Jay (Matthew Bomer, left) and Tyler (Logan Marshall-Green) are framed for a bombing by their friend, Will (Aaron Stanford, center), in Traveler.

Suppose one of your best buddies from grad school turned out to be a terrorist. Would you still want to go out for beers with him after class?

Probably not, and neither do Jay and Tyler (Matthew Bomer and Logan Marshall-Green), the central characters in ABC's new action-drama series Traveler. But the boys are still plenty anxious to find their erstwhile pal, Will Traveler (Aaron Stanford), inasmuch as he was nice enough to frame them for the bombing of a crowded art museum in midtown Manhattan.

Their search will not be easy, however, because the authorities believe they are the bombers and are hot on their trail.

Traveler has a sneak preview at 10 tonight before kicking off its summer run on May 30, in the Wednesday slot being vacated by the series Lost.

In Traveler's pilot episode, which will be repeated May 30, what begins as a stupid but harmless prank by Jay and Tyler - in-line skating through the art museum - becomes something altogether different just moments after they've eluded security guards and whizzed out of the facility.

Will checks in with them via cell phone, and just before hanging up, he adds, "I'm sorry I had to do this."

Say what?

Suddenly the museum is rocked by a massive explosion. And guess whose images were captured by the museum's security cameras as they were making their wheeled escape, clattering down the front steps in their inline skates? Dumb and Dumber.

After seeing themselves on TV, Jay and Tyler realize that they're the prime suspects in the bombing, and they've got the FBI, the ATF, the Port Authority police, the NYPD - in short, everybody but Spider-Man - trying to hunt them down. And their pal Will has suddenly disappeared.

It eventually dawns on the fellas that Will - or whoever he really is - was most likely involved with the bombing, and has set them up to take the fall for it. But why?

That's the mystery that ABC hopes will hook viewers in this latest serial drama to hit the airwaves. Trouble is, viewers have shown that they're not terribly inclined to tune in each week to peel back the onion-like layers of a convoluted, season-long plot line. Serial dramas such as Kidnapped, Day Break, The Black Donnellys, Drive, and Vanished have all, well, vanished, as people tuned in to pilot episodes, then began tuning out as the weeks went by.

In an attempt to deepen the mystery on Traveler, there are lots of hints of a wider conspiracy that may involve big business, the government, maybe even Don Imus and Rosie O'Donnell.

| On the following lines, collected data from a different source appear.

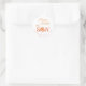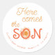 Sol naranja brillante aquí viene el hijo mamá futura nombre baby shower pegatina redonda personalizada
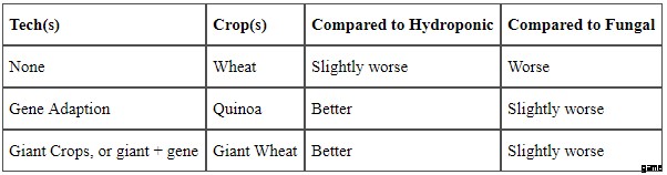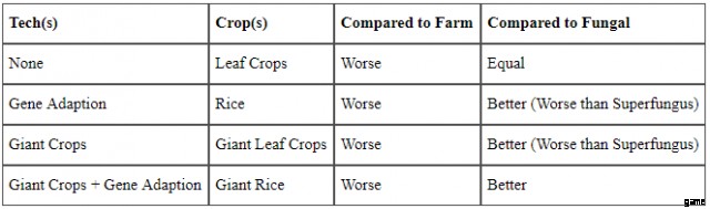 - 真菌農場は実際には酸素を消費し、収量も少ない。ただし、水あたりの収量は最高です (技術者や尖塔を手に入れてドームの水の使用量を減らすまで)。
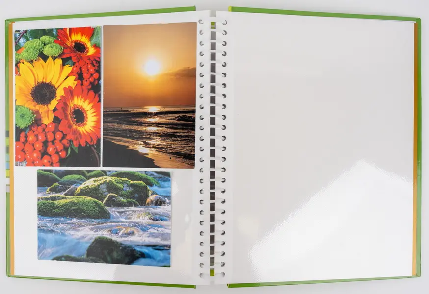 samolepicí fotoalbum, 20 stran, rozměr alba 24,5 x 29 cm, rozměr listu 22,5 x 28 cm, spirálová kniha
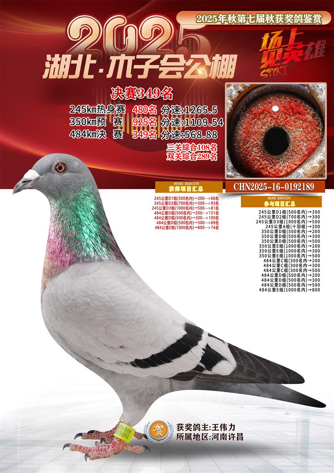 湖北省木子会公棚2025决赛349名王伟力16-0192189河南许昌获奖鸽展示!
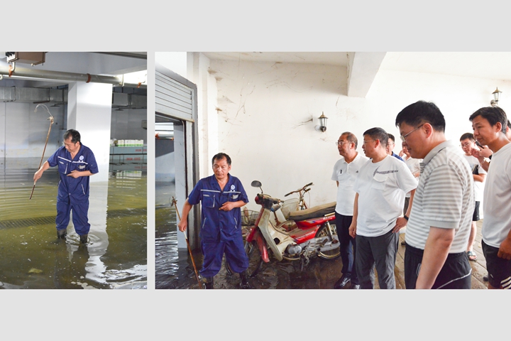 校领导先后来到学校南侧围墙处、快递中心、中华翰苑小区、滨河花园小区等汛情影响较大的地方。每到一处,校领导都仔细询问, “师生员工的生活受没受到太大影响?”“路面和地下室的积水什么时候能排完?”……相关工作人员及时向校领导汇报受灾情况、应对措施和工作进度。
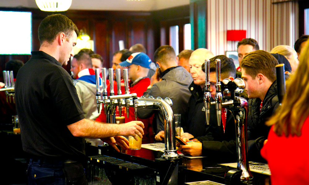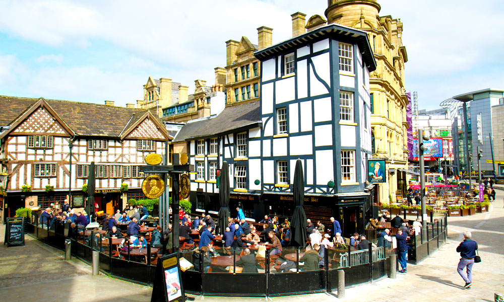 På Manchesters mange pubber kan man alltid ta seg en øl før og etter kamp. Her på Shambles Square. Foto: Runar Larsen
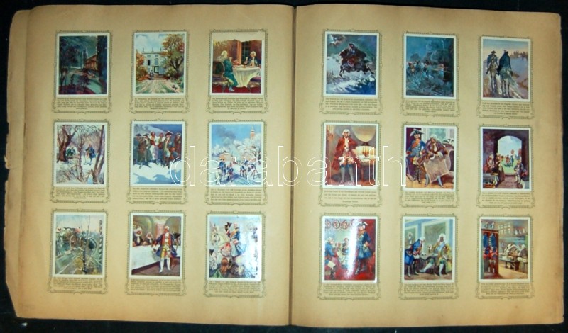 cca 1910 Geschichten von alten Fritz gyűjtőképes album képekkel 240 darab kép benne van a 250-ből (borító sérült) / Stories of Old Fritz book with collectable pictures. Only 10 mising from the 250 (cover damaged)
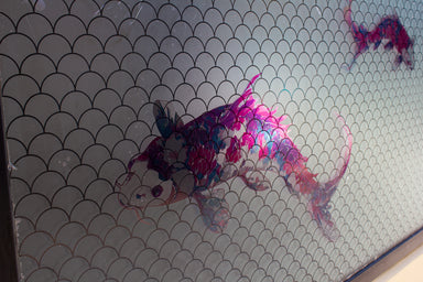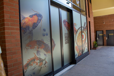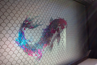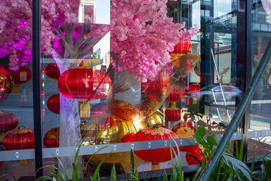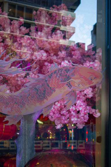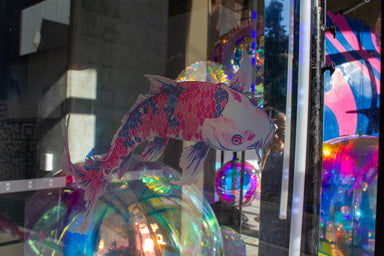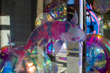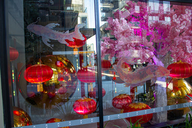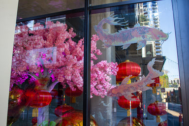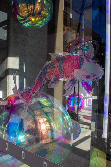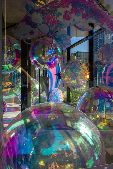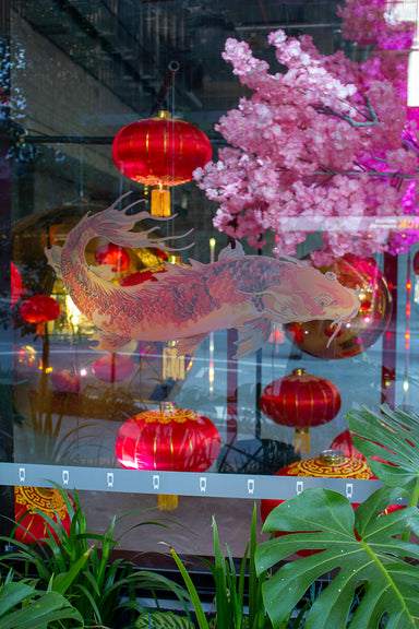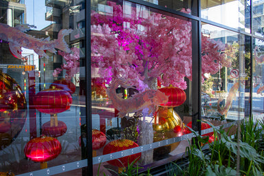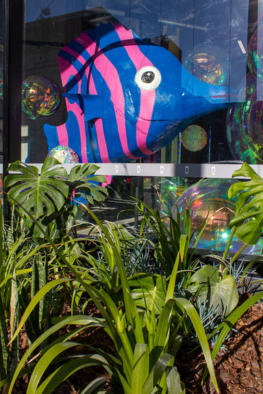 The 4 central tenancies were covered in stylised eye-catching nautical decals completely designed in-house here at TPH. The 2 corner tenancies featured contrasting window displays. Cordelia St showcased our magnificent Cherry Blossom tree, surrounded by lanterns, light tubes and gold inflatable balls. Merivale St featured our large tropical fish, surrounded by iridescent inflatable balls acting as bubbles, combined with acrylic shards and light tubes.

The whole thing is a bit hard to swallow. I know, I know, great TV is supposed to make viewers suspend their disbelief - look at Lost, at least in its earlier episodes - but this show simply isn't all that great.

ABC is making a shrewd move giving audiences a peek at Traveler in the cushy time slot right after the hit series Grey's Anatomy. By the time of its actual premiere nearly three weeks from now, most competing shows will be into reruns and audiences may be more likely to give this series a try.

Even so, I wouldn't be surprised if Traveler meanders right off ABC's schedule even before all the windows are boarded up at that bombed-out art museum in New York City.